Heavy metal music — and the bands who play it — are usually associated with anarchy, destruction and a certain brand of counter-culturism. In his new book, Dark Days: A Memoir, lead singer and lyricist Randy Blythe reveals an impressive set of core values that forces us to rethink any bias we might have about the character of heavy metal performers.

In June 2012, Blythe was arrested as he exited a plane in Prague and charged with manslaughter in connection with the 2010 death of Daniel Nosek. Nosek, a 19-year-old fan of Blythe’s band, Lamb of God, had died from injuries he sustained during one of the group’s concerts.

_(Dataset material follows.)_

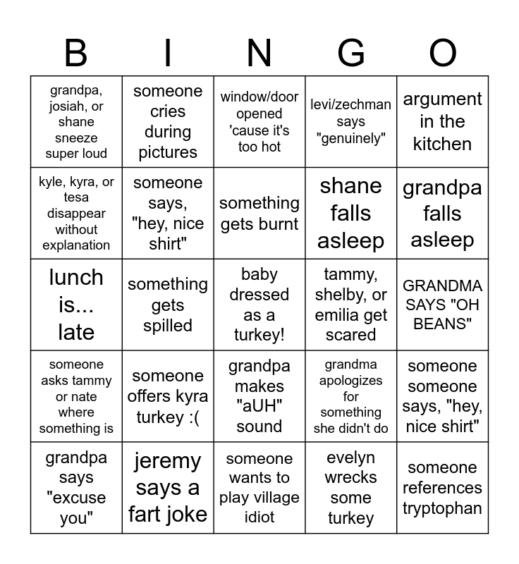This bingo card has a free space and 34 words: grandma or grandpa go back to their house for something, evelyn wrecks some turkey, grandpa BELCHES, grandma calls someone the wrong name, someone asks tammy or nate where something is, someone says, "hey, nice shirt", argument in the kitchen, grandpa says "excuse you", someone cries during pictures, nate falls asleep, something gets burnt, window/door opened 'cause it's too hot, jeremy or levi talk about a conspiracy theory, someone spills something on their reunion shirt, tammy, shelby, or emilia get scared, grandpa falls asleep, jeremy says a fart joke, lunch is... late, someone offers kyra turkey :(, grandma apologizes for something she didn't do, grandpa makes "aUH" sound, someone has to go outside to cool off, grandpa, josiah, or shane sneeze super loud, GRANDMA SAYS "OH BEANS", someone wants to play village idiot, someone references tryptophan, levi/zechman says "genuinely", grandpa antagonizes a child, shane falls asleep, kyle, kyra, or tesa disappear without explanation, someone references turkey coma, something gets spilled, someone someone says, "hey, nice shirt" and multiple kids crying at the same time.

The arrest — carried out by a SWAT team with machine guns and body armor — came as a total surprise to Blythe and his crew. Though bail was set almost immediately, the prosecutor in the case challenged that decision, forcing Blythe to spend the next 37 days incarcerated in a dilapidated 123-year-old prison. After his release, Blythe returned to America.

Given the terrifying nature of the arrest, the prolonged bail process and the seriousness of the charges, it’s safe to say that many of us would think twice about returning to the Czech Republic. Blythe apparently had no such thoughts:  “I decided I would rather die in prison — always a distinct possibility in the penal system — as a real man, than live free as a coward, because I was too damn scared to face an uncertain future in an effort to find out the truth…I still believe in, and try to live by a concept that is sadly almost lost, even ridiculed at times as anachronistic in our Western society — honor.”

Beyond that sense of honor, Blythe (who recalls the poorly managed concert, but has no recollection of the fatal incident) was also thinking about Nosek’s family and the pain they were feeling:  “I thought that perhaps if I went back to court, I could help them find some answers. As a father of a child who died…I know that pain. And these people had no answer.”  Blythe also noted that if he was guilty, then he should be punished. “I didn’t want to run from that, because I wouldn’t be able to look at myself in the mirror any other way,” he says.

In the end, Blythe was found morally responsible for Nosek’s death, though not legally guilty. “That’s something I have to live with for the rest of my life,” he recently told NPR’s Arun Rath. “I did make a critical mistake in this situation, and that is I should have stopped the show from the beginning.”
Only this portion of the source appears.